- **PROMPT**:
Each line of the records must appear in your answer exactly, with no pictures.

- **Stored items from a collection**:
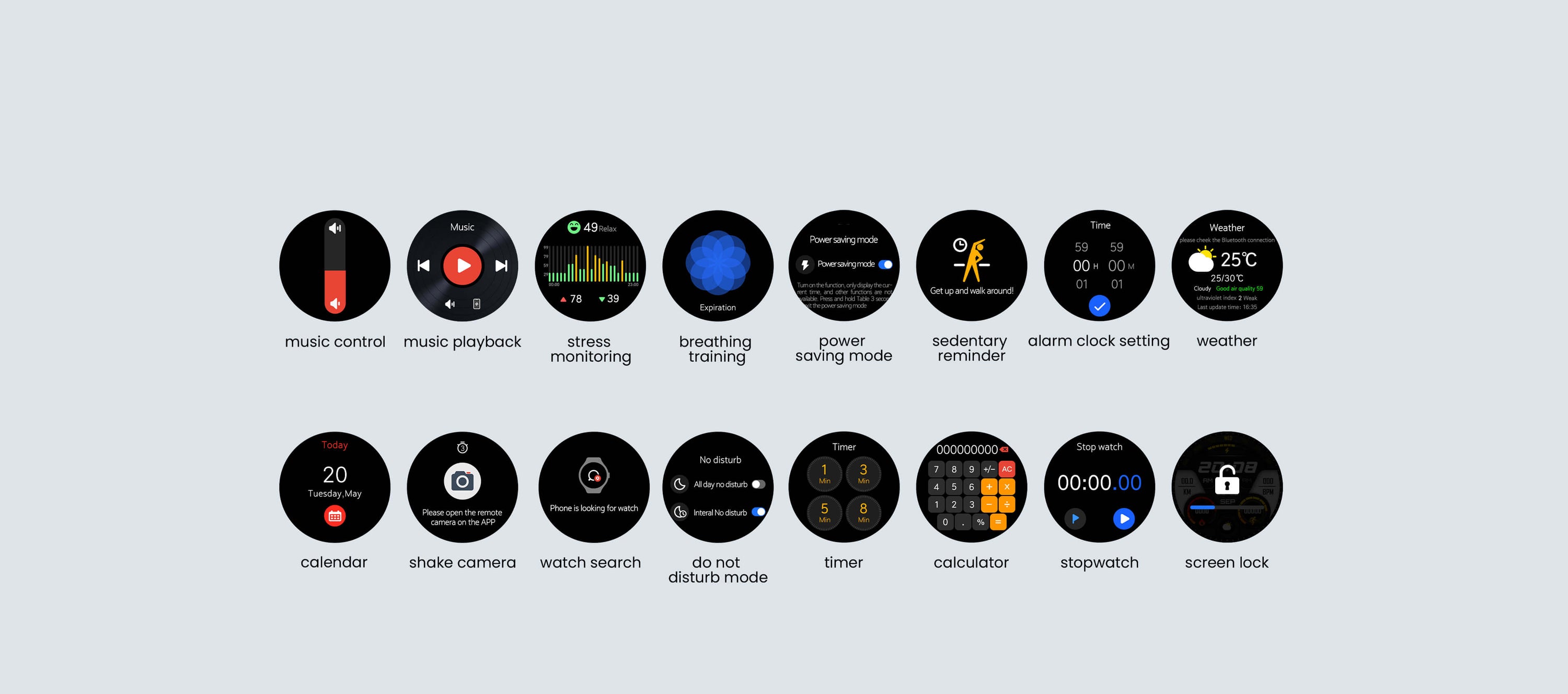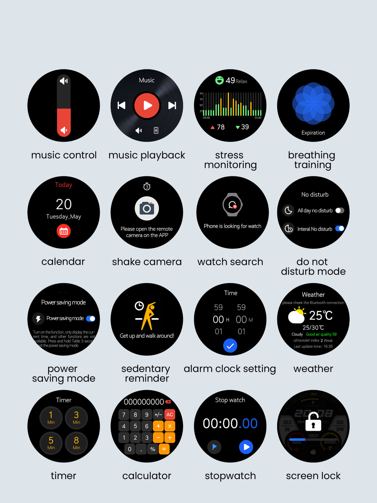 Heart Rate,SpO2,Motions record,Breath,Preesure,Sleepping record,Timer,Alarm,Stop watch,Calculator,Calendar,Weather,Women's health,Find your phone,Bluetooth call, Music control, Music playing,App message reminder,Incoming call reminder,Health Reminder..
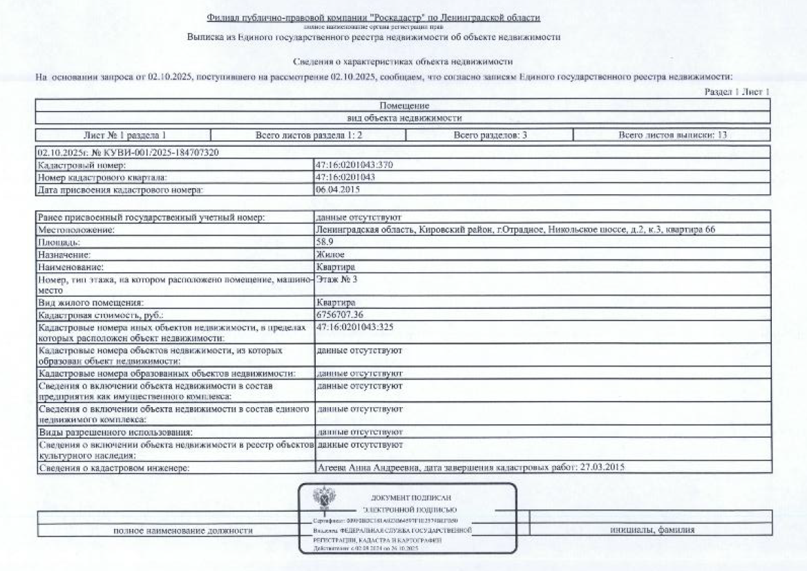квартира общ.пл.58,9 кв.м. кадастровый № 47:16:0201043:370, расположенная по адресу: ЛО, Кировский район, г. Отрадное, Никольское шоссе, д. 2, корп.3, кв. 66
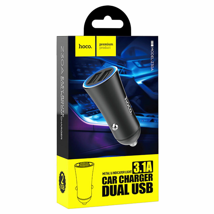 Автомобильная зарядка HOCO Z30A Easy, 2*USB, 3.1A, черный, индикатор
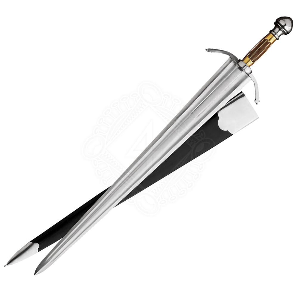 The grip is wood with brass. This sword would be used with a round shield, and no doubt favored for the pastime of sword and buckler dueling popular throughout most of Europe. Delivery including scabbard. Further product information ...
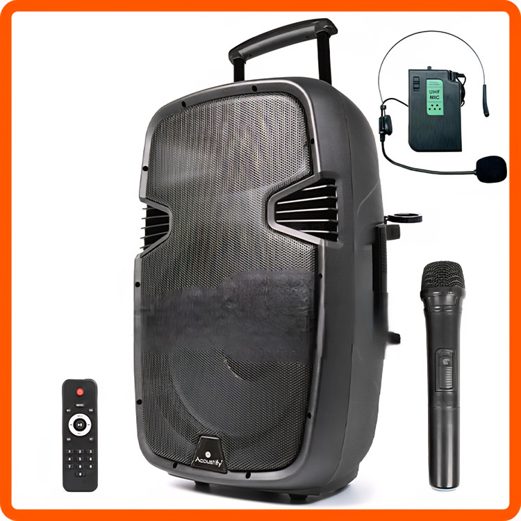 باند شارژی 15 اینچ با دو میکروفن بی سیم ACOUSTIFY PRO15 مناسب اجراهای زنده در محیط های باز و بسته، خوانندگی به همراه نوازندگی، پخش موسیقی در برنامه های ورزشی و جشن ها و انواع مراسم های سخنرانی و … کاربرد دارد.
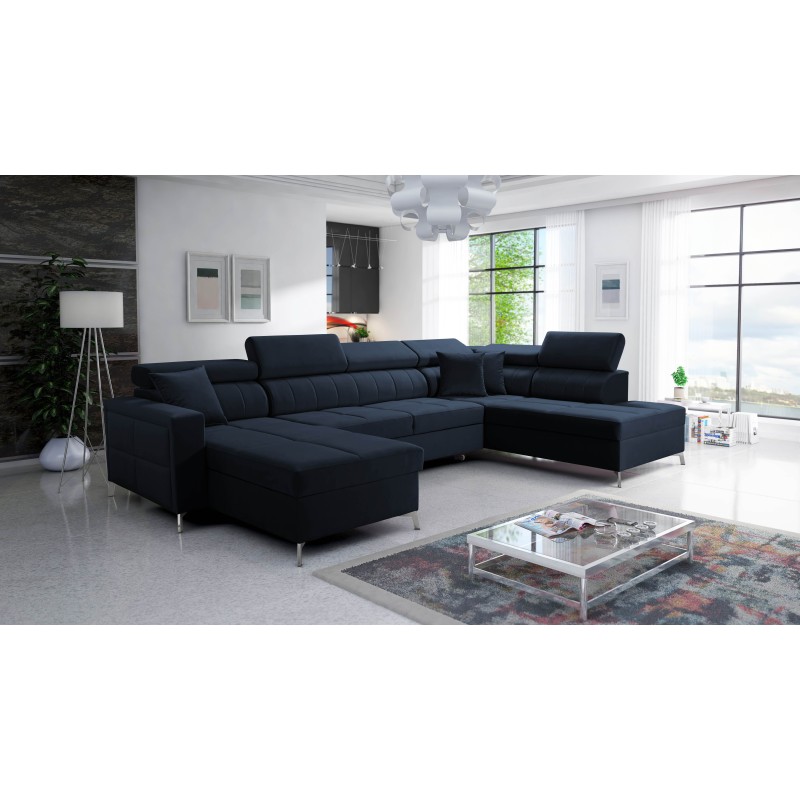 We invite you to explore our U-shaped corner sofa - Oslo VI. This exceptional piece of furniture, featuring a sleeping function and a practical storage compartment for bedding, stands out with its unique style and excellent user comfort. Made from high-quality materials, including Velvet fabric, Jaguar 2186, it is extremely durable and aesthetically pleasing.

- **ANSWER TO THIS EXERCISE**:
 Heart Rate,SpO2,Motions record,Breath,Preesure,Sleepping record,Timer,Alarm,Stop watch,Calculator,Calendar,Weather,Women's health,Find your phone,Bluetooth call, Music control, Music playing,App message reminder,Incoming call reminder,Health Reminder..
квартира общ.пл.58,9 кв.м. кадастровый № 47:16:0201043:370, расположенная по адресу: ЛО, Кировский район, г. Отрадное, Никольское шоссе, д. 2, корп.3, кв. 66
 Автомобильная зарядка HOCO Z30A Easy, 2*USB, 3.1A, черный, индикатор
 The grip is wood with brass. This sword would be used with a round shield, and no doubt favored for the pastime of sword and buckler dueling popular throughout most of Europe. Delivery including scabbard. Further product information ...
 باند شارژی 15 اینچ با دو میکروفن بی سیم ACOUSTIFY PRO15 مناسب اجراهای زنده در محیط های باز و بسته، خوانندگی به همراه نوازندگی، پخش موسیقی در برنامه های ورزشی و جشن ها و انواع مراسم های سخنرانی و … کاربرد دارد.
 We invite you to explore our U-shaped corner sofa - Oslo VI. This exceptional piece of furniture, featuring a sleeping function and a practical storage compartment for bedding, stands out with its unique style and excellent user comfort. Made from high-quality materials, including Velvet fabric, Jaguar 2186, it is extremely durable and aesthetically pleasing.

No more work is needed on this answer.